Use the left and right arrow keys to navigate the presentation forward and backward respectively. You can also use the arrows at the bottom right of the screen to navigate with a mouse.
FAIR USE ACT DISCLAIMER: This site is for educational purposes only. This website may contain copyrighted material, the use of which has not been specifically authorized by the copyright holders. The material is made available on this website as a way to advance teaching, and copyright-protected materials are used to the extent necessary to make this class function in a distance learning environment. The Fair Use Copyright Disclaimer is under section 107 of the Copyright Act of 1976, allowance is made for “fair use” for purposes such as criticism, comment, news reporting, teaching, scholarship, education and research.
Maximum likelihood is a method of estimation of parameters of a distribution, where there is a proposal for the “form” of the data, but unknown details for the parameters determining the exact shape and location.
The abbreviation MLE may refer to:
The method finds a value of the parameter that maximizes a “likelihood function”.
The likelihood function is a simple change of perspective on our earlier statistical tool, the density.

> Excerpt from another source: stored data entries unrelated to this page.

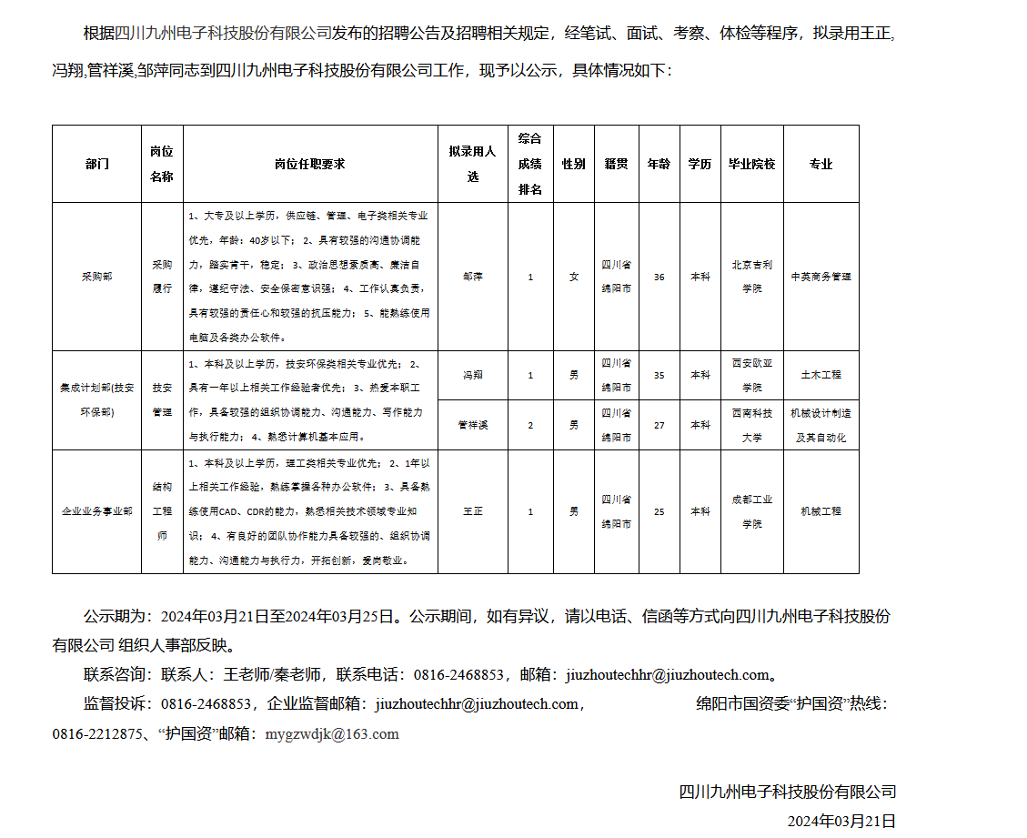 四川九州電子科技股份有限公司關(guān)于招聘結(jié)構(gòu)工程師崗位等擬錄用人員的公示
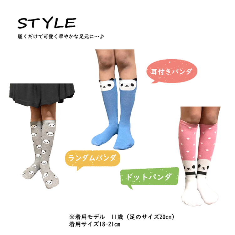 靴下 キッズ 女の子 ハイソックス 女 セット ジュニア パンダ 3足組 まとめ買い 可愛い 子供 小学生 大人 お揃い 18-21cm 23-25cm ゆうパケット送料無料
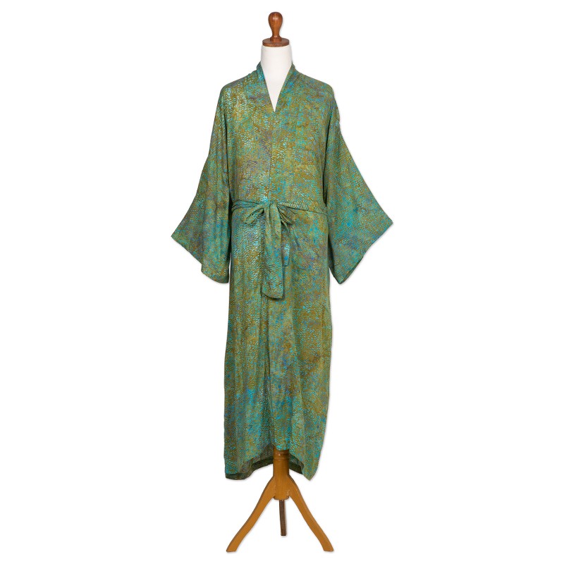 Step into unparalleled luxury with this exquisite rayon robe for men. Crafted using Bali's traditional batik technique, its hand-stamped patterns in sap green, turquoise and amber, reminiscent of lush greenery, transport you to paradise. The wide kimono sleeves, front-wrap styling and coordinating tie belt create a sophisticated yet relaxed silhouette perfect for lounging in refined comfort.
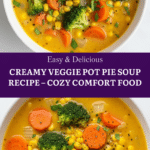 Keywords: vegetable pot pie soup, creamy vegetable soup, pot pie without crust, vegetarian soup, comfort food, easy soup recipe
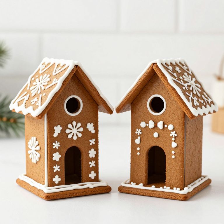 Two intricately decorated faux gingerbread birdhouses, featuring brown bodies, white icing details, and festive floral patterns, stand side by side on a clean white surface, ready to add charm to holiday decor.
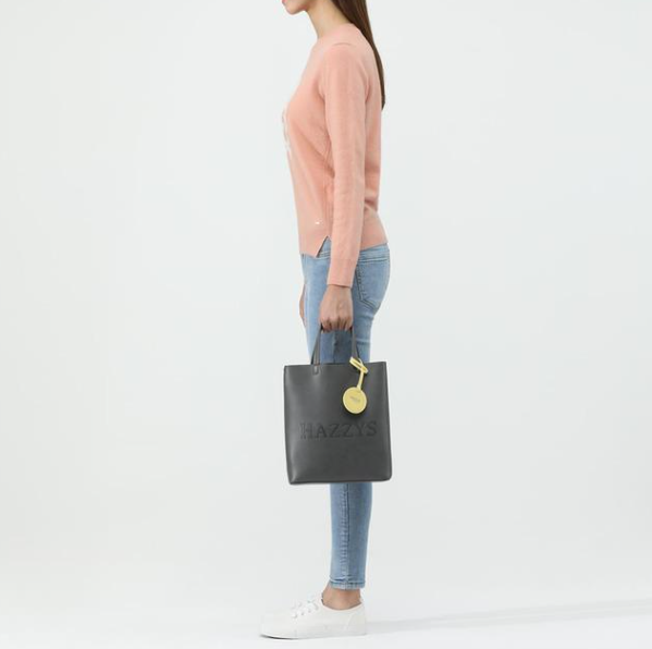 빅 사이즈의 입체적인 로고 레터링 장식으로 포인트를 주었으며 앞,뒷면 모두 활용할 수 있어 실용적인 토트백입니다.
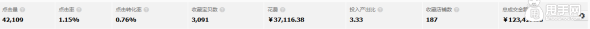 從圖中可看到,1個月的點擊量大概在2萬多,而平均每天點擊量不到1000,PPC在1塊錢左右,也就相當于是每天花費1K左右,ROI在1.11,點擊轉化率為0.32%,收藏成本為15.4元。
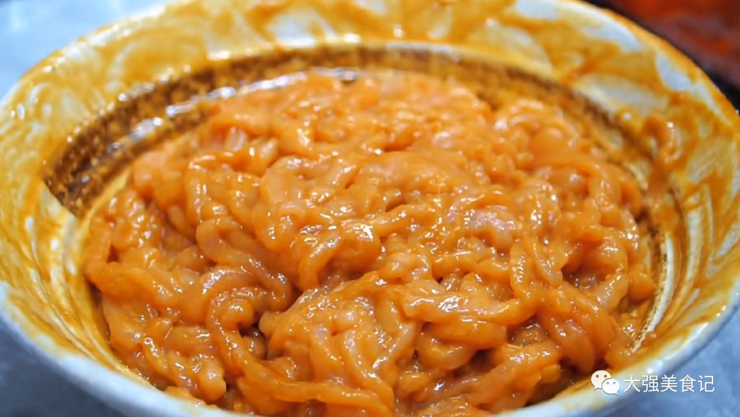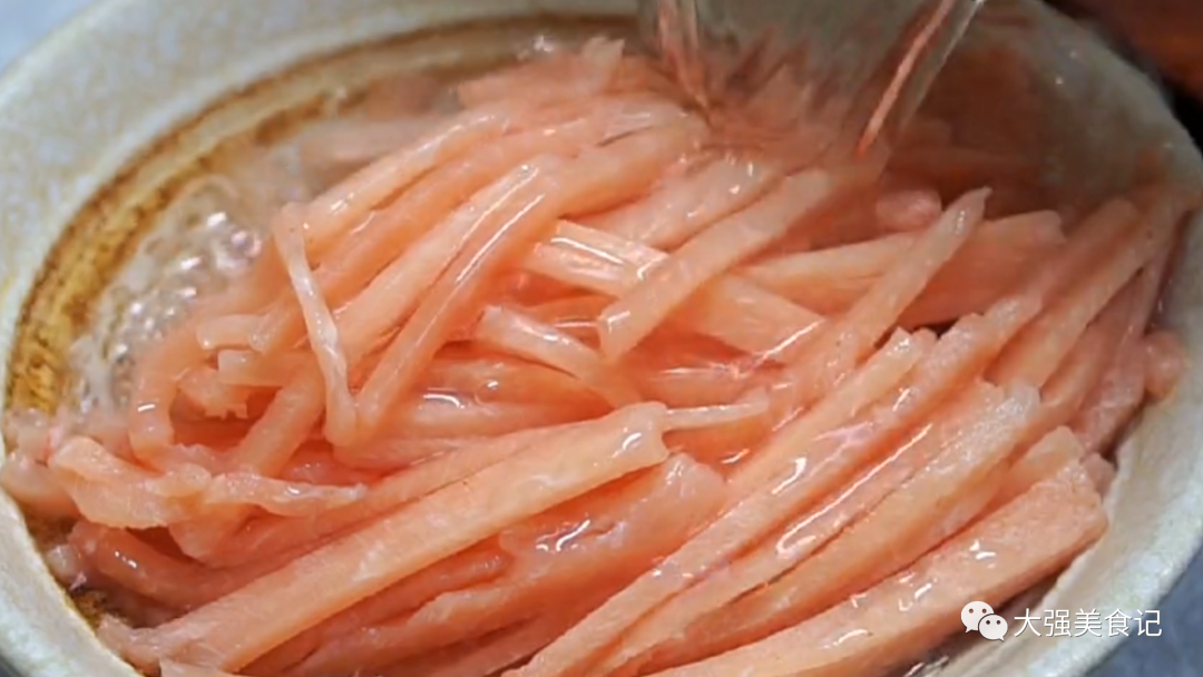 切肉絲我們最好選用裡脊肉,放冰箱稍微凍一下,然後先切片,再切絲。切好的肉絲里加入清水,再把水分擠乾,
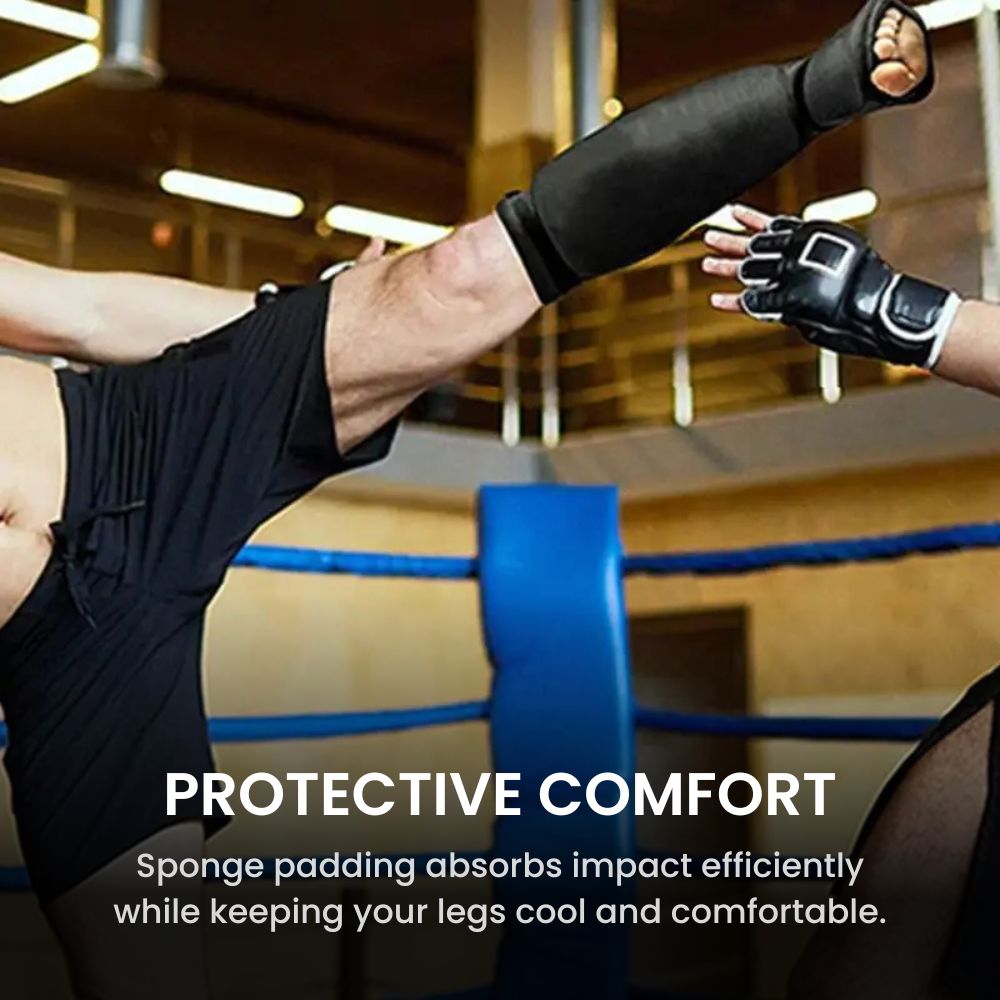 Train harder and safer with these Elastic Muay Thai & Kickboxing Shin Guards — engineered for fighters who demand comfort, durability, and superior performance. Built with a breathable nylon shell and shock-absorbing sponge padding, these shin guards protect your legs without restricting movement. The elastic calf and foot bands ensure a secure, stay-in-place fit throughout your session, while the convenient hook-and-ring closure lets you gear up quickly and lock in a no-slip grip. Whether you’re practicing MMA, kickboxing, or Muay Thai, these guards provide the reliable protection and comfort every fighter needs.

However, many densities are highly nonlinear in their construction, and the notion of maximization is thus inherently tied to numerical optimization.
We can attempt to maximize a likelihood by sampling values many times, but this tends to be inefficient if not simply impossible when the data is high dimensional and the number of parameters to optimize over is large.
Thus, an important class of optimization problems in statistics are maximum likelihood problems.
Suppose we have a collection of observations of the random variable \( Y \), denoted \( \{y_i\}_{i=1}^n \);
For a single observation \( y_i \), the likelihood of observing this value is a function of the unknown \( \theta \) is thus given in terms of
\[ \begin{align} \mathcal{L}_{y_i}(\theta) = f(Y=y_i, \theta) \end{align} \]
When we have multiple observations, and they are independent and identically distributed (iid), the joint likelihood function is defined by the product of the individual likelihoods.
I.e., if we define the vector of observations as,
\[ \begin{align} \mathbf{y} =\begin{pmatrix} y_1 \\ \vdots \\ y_n\end{pmatrix} \end{align} \]
the joint likelihood of observing these together can be derived from the joint density and the iid assumption.
We consider
\[ \begin{align} \mathcal{L}_{\mathbf{y}}(\theta) &= f\left( \cup_{i=1}^n\{Y_i = y_i\}, \theta\right) \end{align} \] where we can consider the above as the density of the joint event for an independent random sample of size \( n \).
Given that we suppose each of the sample random variables \( Y_i \) are independent, and all distributed to the parent distribution
\[ Y \sim F(y,\theta) \] (i.e., the iid assumption)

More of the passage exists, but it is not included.